## WHAT THE TASK ASKS
Each line below from the "2025年2月25日,在伊朗" line through the "五唇兰:又称五舌兰,叶丛生,肉质状。基部" line, those two included, must be restated word for word; the pictures must not be.

## LISTED RECORDS
------------
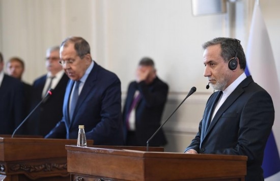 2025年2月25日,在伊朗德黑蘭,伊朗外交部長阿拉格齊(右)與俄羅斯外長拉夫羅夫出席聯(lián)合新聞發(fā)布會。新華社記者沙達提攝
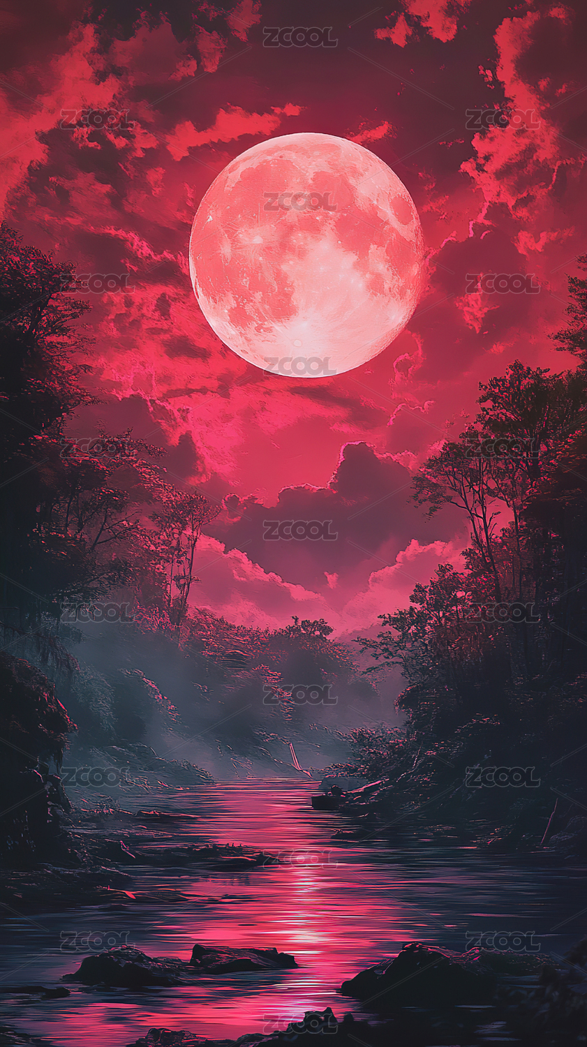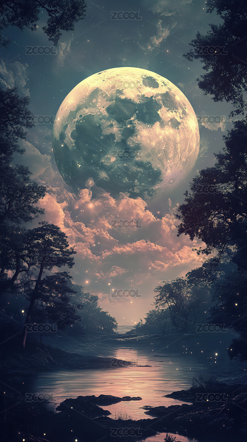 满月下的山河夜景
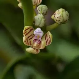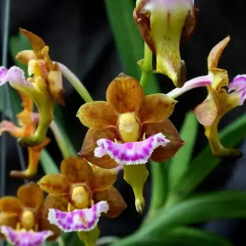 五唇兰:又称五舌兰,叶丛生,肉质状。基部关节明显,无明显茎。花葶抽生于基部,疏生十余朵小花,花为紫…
------------
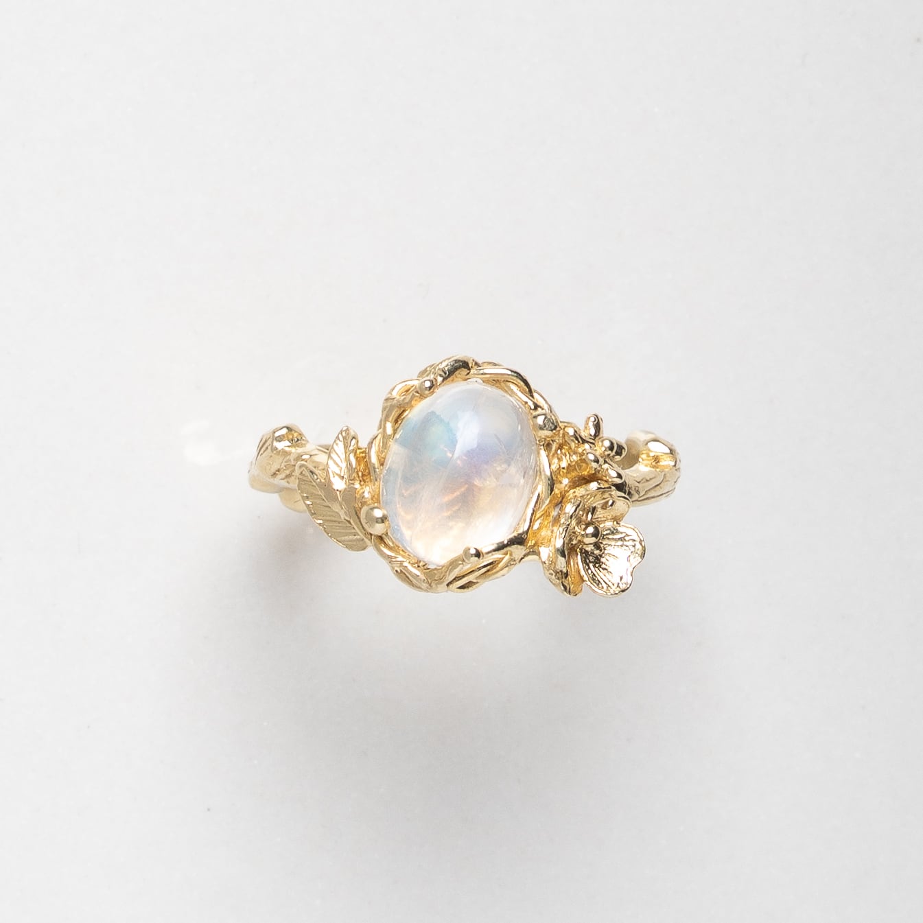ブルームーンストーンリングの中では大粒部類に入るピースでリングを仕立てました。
------------
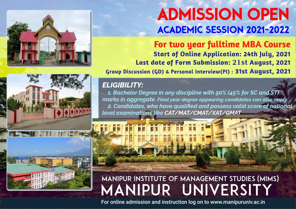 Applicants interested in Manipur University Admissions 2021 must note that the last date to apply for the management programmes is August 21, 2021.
------------
## SOLUTION BELOW
 2025年2月25日,在伊朗德黑蘭,伊朗外交部長阿拉格齊(右)與俄羅斯外長拉夫羅夫出席聯(lián)合新聞發(fā)布會。新華社記者沙達提攝
 满月下的山河夜景
 五唇兰:又称五舌兰,叶丛生,肉质状。基部关节明显,无明显茎。花葶抽生于基部,疏生十余朵小花,花为紫…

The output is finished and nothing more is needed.